**Source material:**
╔══

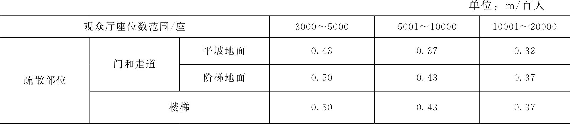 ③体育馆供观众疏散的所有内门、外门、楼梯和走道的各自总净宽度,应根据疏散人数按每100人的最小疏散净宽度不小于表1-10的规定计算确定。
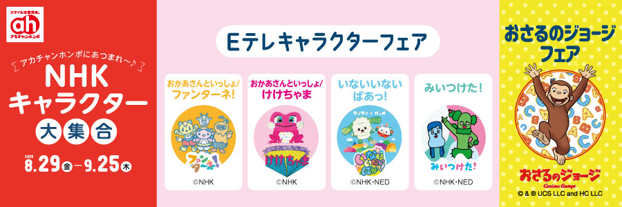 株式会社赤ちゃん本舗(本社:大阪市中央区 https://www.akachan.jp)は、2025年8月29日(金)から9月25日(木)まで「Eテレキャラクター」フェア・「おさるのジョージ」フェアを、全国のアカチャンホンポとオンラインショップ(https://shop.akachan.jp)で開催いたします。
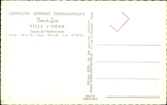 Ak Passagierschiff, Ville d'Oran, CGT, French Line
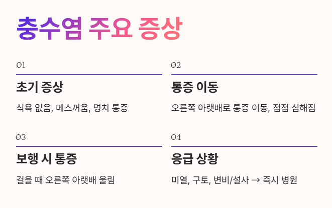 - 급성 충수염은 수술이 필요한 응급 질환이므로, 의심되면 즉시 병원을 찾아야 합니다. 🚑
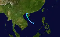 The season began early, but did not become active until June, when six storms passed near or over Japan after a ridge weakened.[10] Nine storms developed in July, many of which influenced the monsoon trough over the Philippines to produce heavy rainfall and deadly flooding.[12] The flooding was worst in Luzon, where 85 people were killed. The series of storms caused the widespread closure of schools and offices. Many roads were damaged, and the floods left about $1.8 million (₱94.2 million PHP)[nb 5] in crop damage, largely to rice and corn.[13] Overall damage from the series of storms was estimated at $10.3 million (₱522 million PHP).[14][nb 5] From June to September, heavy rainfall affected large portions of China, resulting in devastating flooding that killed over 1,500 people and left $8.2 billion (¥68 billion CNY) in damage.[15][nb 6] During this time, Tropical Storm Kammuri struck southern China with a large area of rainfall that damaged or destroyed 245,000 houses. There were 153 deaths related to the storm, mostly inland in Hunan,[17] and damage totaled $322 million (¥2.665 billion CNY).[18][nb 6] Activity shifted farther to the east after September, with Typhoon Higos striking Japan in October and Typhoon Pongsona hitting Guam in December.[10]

╚══
╔══

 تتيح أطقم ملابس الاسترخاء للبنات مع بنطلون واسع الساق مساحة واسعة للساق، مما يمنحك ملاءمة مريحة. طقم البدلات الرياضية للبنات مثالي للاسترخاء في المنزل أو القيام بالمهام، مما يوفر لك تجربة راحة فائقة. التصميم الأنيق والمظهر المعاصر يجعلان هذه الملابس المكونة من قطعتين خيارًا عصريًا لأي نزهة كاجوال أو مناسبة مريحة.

╚══
╔══

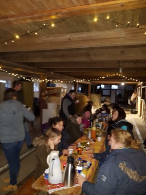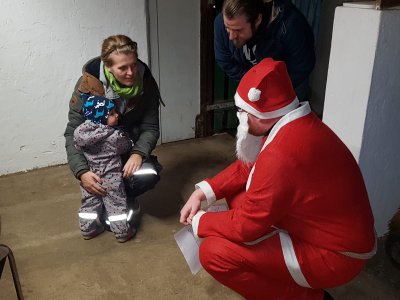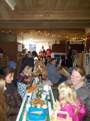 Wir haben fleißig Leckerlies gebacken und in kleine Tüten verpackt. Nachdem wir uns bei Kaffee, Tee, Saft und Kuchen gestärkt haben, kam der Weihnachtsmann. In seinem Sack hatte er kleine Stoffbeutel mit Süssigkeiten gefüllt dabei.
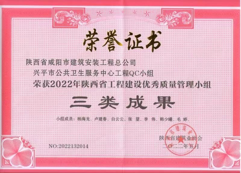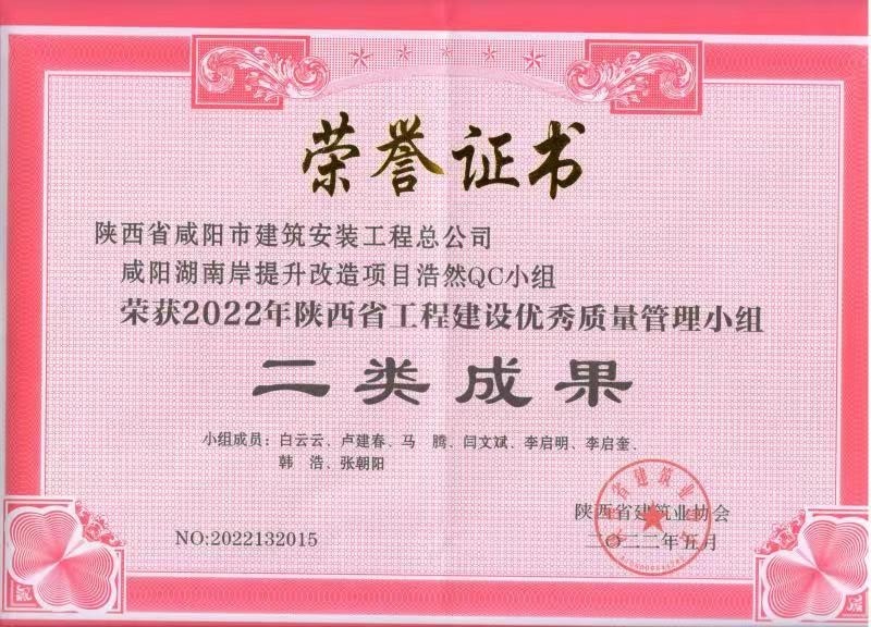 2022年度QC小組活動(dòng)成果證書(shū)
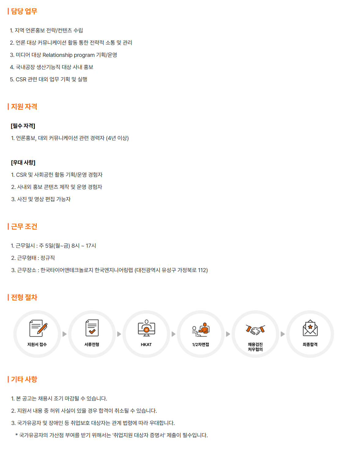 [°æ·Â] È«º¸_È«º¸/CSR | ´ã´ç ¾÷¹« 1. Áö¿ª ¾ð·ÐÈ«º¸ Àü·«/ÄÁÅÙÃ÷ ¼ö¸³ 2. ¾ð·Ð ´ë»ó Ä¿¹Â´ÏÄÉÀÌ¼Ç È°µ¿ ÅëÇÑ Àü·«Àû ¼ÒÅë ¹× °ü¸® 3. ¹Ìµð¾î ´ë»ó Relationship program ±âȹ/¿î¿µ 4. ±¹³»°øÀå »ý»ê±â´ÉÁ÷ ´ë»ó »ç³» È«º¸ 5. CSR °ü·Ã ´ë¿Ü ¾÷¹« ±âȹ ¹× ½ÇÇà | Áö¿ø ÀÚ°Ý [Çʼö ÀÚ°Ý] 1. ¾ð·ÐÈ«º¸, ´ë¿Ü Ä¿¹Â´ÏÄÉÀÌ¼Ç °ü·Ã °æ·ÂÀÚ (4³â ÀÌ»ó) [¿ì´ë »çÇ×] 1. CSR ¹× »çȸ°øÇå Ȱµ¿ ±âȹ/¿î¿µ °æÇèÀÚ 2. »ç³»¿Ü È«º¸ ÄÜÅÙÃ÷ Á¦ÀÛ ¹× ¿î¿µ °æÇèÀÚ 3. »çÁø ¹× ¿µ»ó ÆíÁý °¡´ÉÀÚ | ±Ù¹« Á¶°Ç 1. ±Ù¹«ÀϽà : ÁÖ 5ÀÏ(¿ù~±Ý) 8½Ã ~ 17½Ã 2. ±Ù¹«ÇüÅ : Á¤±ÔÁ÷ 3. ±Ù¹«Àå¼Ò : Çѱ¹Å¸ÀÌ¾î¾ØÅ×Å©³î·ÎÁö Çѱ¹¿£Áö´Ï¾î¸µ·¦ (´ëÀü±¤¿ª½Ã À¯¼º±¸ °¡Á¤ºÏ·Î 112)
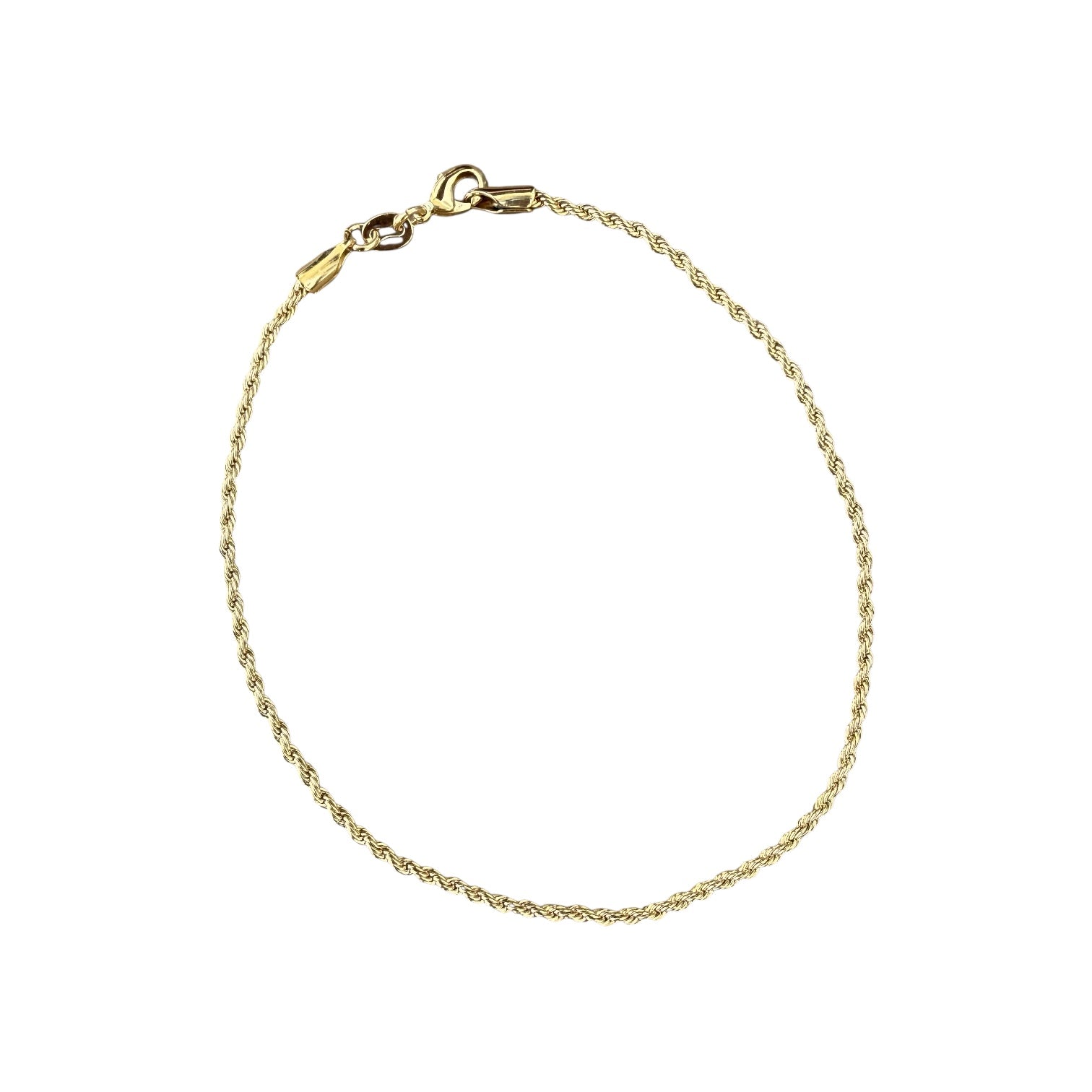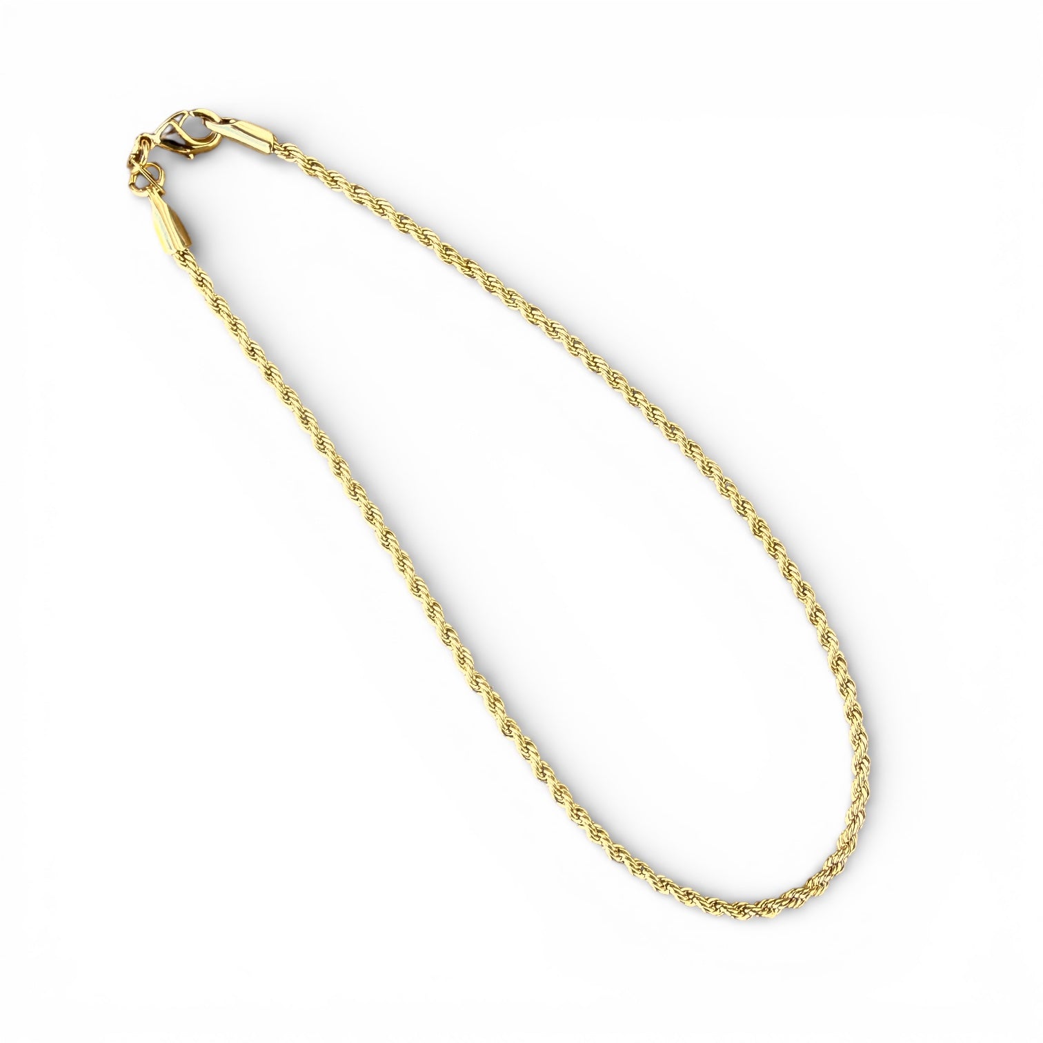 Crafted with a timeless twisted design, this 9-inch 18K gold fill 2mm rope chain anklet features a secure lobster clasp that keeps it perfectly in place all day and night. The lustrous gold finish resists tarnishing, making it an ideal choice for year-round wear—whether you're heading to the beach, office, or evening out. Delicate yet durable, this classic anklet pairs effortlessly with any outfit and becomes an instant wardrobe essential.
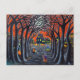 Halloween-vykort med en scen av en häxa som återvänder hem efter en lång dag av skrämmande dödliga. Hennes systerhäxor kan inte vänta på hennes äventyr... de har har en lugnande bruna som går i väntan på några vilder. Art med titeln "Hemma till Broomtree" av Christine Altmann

╚══

Restate word for word every line from the one with "Ak Passagierschiff, Ville" up to and including the one with "The season began" in the records above, minus the pictures.

 Ak Passagierschiff, Ville d'Oran, CGT, French Line
 - 급성 충수염은 수술이 필요한 응급 질환이므로, 의심되면 즉시 병원을 찾아야 합니다. 🚑
 The season began early, but did not become active until June, when six storms passed near or over Japan after a ridge weakened.[10] Nine storms developed in July, many of which influenced the monsoon trough over the Philippines to produce heavy rainfall and deadly flooding.[12] The flooding was worst in Luzon, where 85 people were killed. The series of storms caused the widespread closure of schools and offices. Many roads were damaged, and the floods left about $1.8 million (₱94.2 million PHP)[nb 5] in crop damage, largely to rice and corn.[13] Overall damage from the series of storms was estimated at $10.3 million (₱522 million PHP).[14][nb 5] From June to September, heavy rainfall affected large portions of China, resulting in devastating flooding that killed over 1,500 people and left $8.2 billion (¥68 billion CNY) in damage.[15][nb 6] During this time, Tropical Storm Kammuri struck southern China with a large area of rainfall that damaged or destroyed 245,000 houses. There were 153 deaths related to the storm, mostly inland in Hunan,[17] and damage totaled $322 million (¥2.665 billion CNY).[18][nb 6] Activity shifted farther to the east after September, with Typhoon Higos striking Japan in October and Typhoon Pongsona hitting Guam in December.[10]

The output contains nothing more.